Хм, после копирования конфига ядра , ядро нужно будет пересобрать?

----------

## cyberhoffman

Рекомендую почитать https://wiki.gentoo.org/wiki/Kernel/Upgrade/ru

----------

## cyberhoffman

 *kapecitis wrote:*   

> 
> 
> Хм, после копирования конфига ядра , ядро нужно будет пересобрать?

 

Разумеется. Это несложно, даже интересно.

----------

## kapecitis

 *cyberhoffman wrote:*   

>  *kapecitis wrote:*   
> 
> Хм, после копирования конфига ядра , ядро нужно будет пересобрать? 
> 
> Разумеется. Это несложно, даже интересно.

 

Благодарю за ответ!

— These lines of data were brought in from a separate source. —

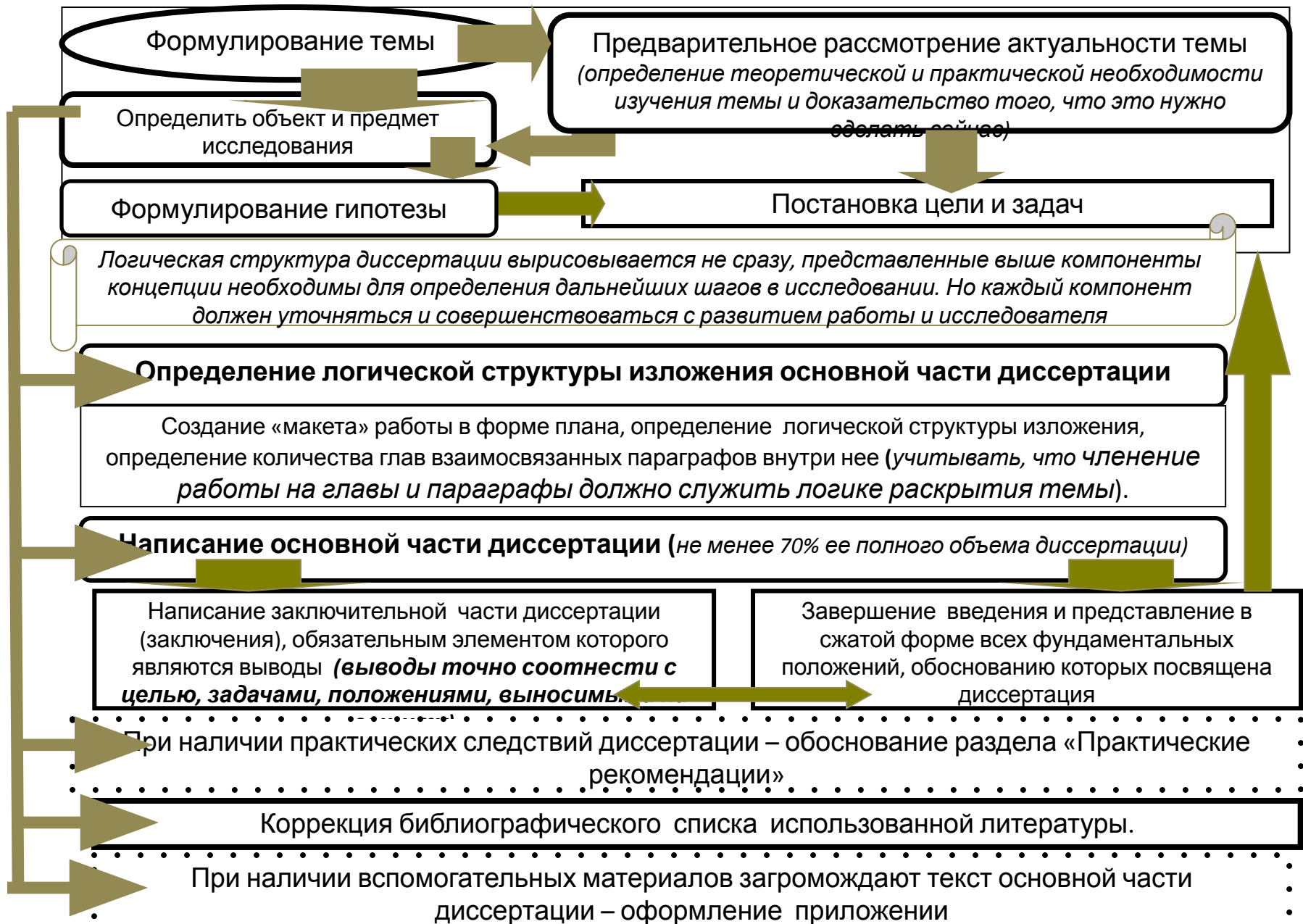
Рис. 140. Логическая последовательность работы над диссертацией
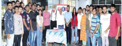
નવનિયુક્ત ટીમના ૧૫ સભ્યોની સીટીંગ ફોટો. આ ડોનેશન કેમ્પને આગળ વધારવામાં આવે છે.

આજે પહેલી જુલાઈએ ડોક્ટર્સ ડે, લાઇફવોરિયર્સથી કોરોના વોરિયર્સ ડોક્ટરોને સલામ દઈઓ અને ડોક્ટરોની દિલ એ દાર્તાન લોહીના સંબંધ વિના રક્ત વહાવી બન્યા જીવનદાતા. ઈન્ડિયન મેડિકલ એસોસિએશન રાજકોટ બ્રાન્ચએ અત્યાર સુધીમાં રેકોર્ડ બ્રેક રક્તદાન કેમ્પ કરી સમગ્ર દેશમાં મોખરે જરૂરિયાતમંદ અને શેડેરોનિક દર્દીઓને નિયમિત રીતે બ્લડ મળી રહે તે માટે ૧૫ વર્ષથી ડોક્ટરો દ્વારા આયોજિત બ્લડ ડોનેશન કેમ્પમાં ડોક્ટરો અને તેમના પરિવારજનો રક્તદાન કરે છે.
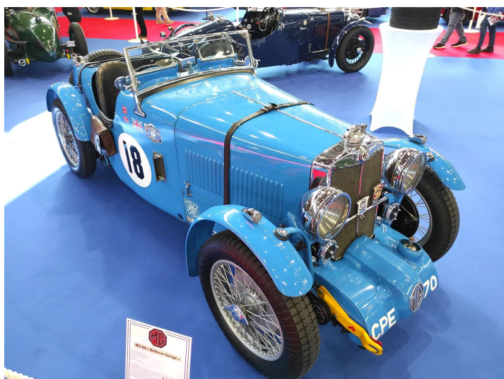
M.G. NA « Bellevue Garage » - 1935
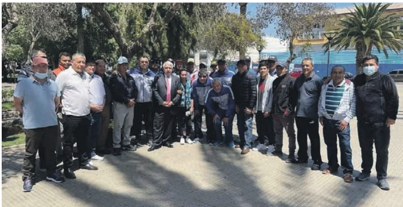
Un total de 30 deportistas de la Asociación de Rayuela de Ovalle viajó hasta Curicó.

"Los que estaban debutando estuvieron excelentes, muchos me hacían comentarios de los nervios previos al debut, pero dentro de las partidas se fueron soltando y jugando mejor, alcanzando un nivel muy óptimo. Estoy muy contento con la gente nueva que por primera vez iba a un nacional, y
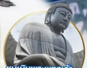
ชมเนินพระพุทธรเจ้า Hill of the Buddha

📍 ไฮไลท์!! สนุกสนานกับกิจกรรมทะเลหิมะ ณ ลานสโนว์ เวิลด์ ฮักไซฟาโนราม่า เยี่ยมชมเนินพระพุทธรเจ้า ชมความน่ารักเหล่าสัตว์ ณ สวนสัตว์อาซาฮิยาม่า ชมคลองโอดาธา เข้าชมพิพิธภัณฑ์ทักสโงดดนตรี ลีมรสรามง ณ หมู่บ้านราเมนอาซาฮิคาว่า ซอปปิงจูดิ กาบุกุคิอิ อีมอร์รอย!! บุปเฟ่ต์ซาบู และซาบูยักนั้
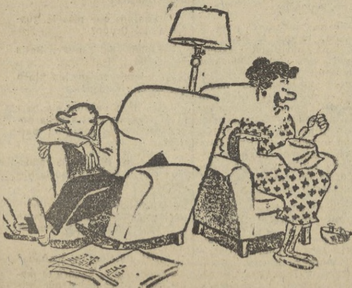
—Verdad, Anselmo, que es tan interesantísimo lo que te acabo de explicar?

Precisamente, en Persia surge ahora de nuevo ese peligro. El partido "Tudeh" —pro comunista— se halla infiltrado en todos los principales puestos del país, alcanza gran preponderancia y amenaza desde la sombra con llevar a Persia a un desastre. Esto lo ha declarado un jefe de la Policía iraní que tiene razones para saberlo. En todos los pueblos económicamente débiles —y también políticamente, por la inconsistencia de sus regímenes democráticos— presiona la mano del Kremlin y de la Kominform y se mueve la propaganda roja. ¿Con qué fin? Para ganar la batalla sin tiros, sin guerras al modo usual. Entre tanto, Vichinsky, en el palacio de Chaillot, sentado amigablemente con ingleses, norteamericanos y franceses, habla con entusiasmo del desarme y entre los reunidos reina una atmósfera de plena cordialidad. Tan sospechoso es esto que mucho nos tememos que, a la postre, alguien sea el pagano de tales sonrisas diplomáticas, si las reuniones no terminan antes, en cualquier callejón sin salida, tirándose los trastos a la cabeza, en el oportuno momento que convenga a los señores de Moscú, como suele acontecer en la ONU. Y si no, al tiempo.

Буду пробовать.

----------

## kapecitis

 *cyberhoffman wrote:*   

>  *kapecitis wrote:*   
> 
> А как взять рабочий конфиг ядра с , в моём случае, livedvd? 
> 
> Если с livedvd запускается и все железки работают при этом, подозреваем наличие рабочего конфига ядра, который можно взять, например, тут - /proc/config.gz таким, например, образом:
> ...

 

После проделанных манипуляций , и не только этих, получил следующее:

http://s018.radikal.ru/i508/1705/79/f3adbcfc3c0f.jpg

http://s019.radikal.ru/i605/1705/4b/7a2c927a4239.jpg

http://s46.radikal.ru/i111/1705/a0/53a9a6528846.jpg

http://s019.radikal.ru/i604/1705/90/9ce391ff03f1.jpg

----------

## cyberhoffman

initramfs после компиляции ядра был собран?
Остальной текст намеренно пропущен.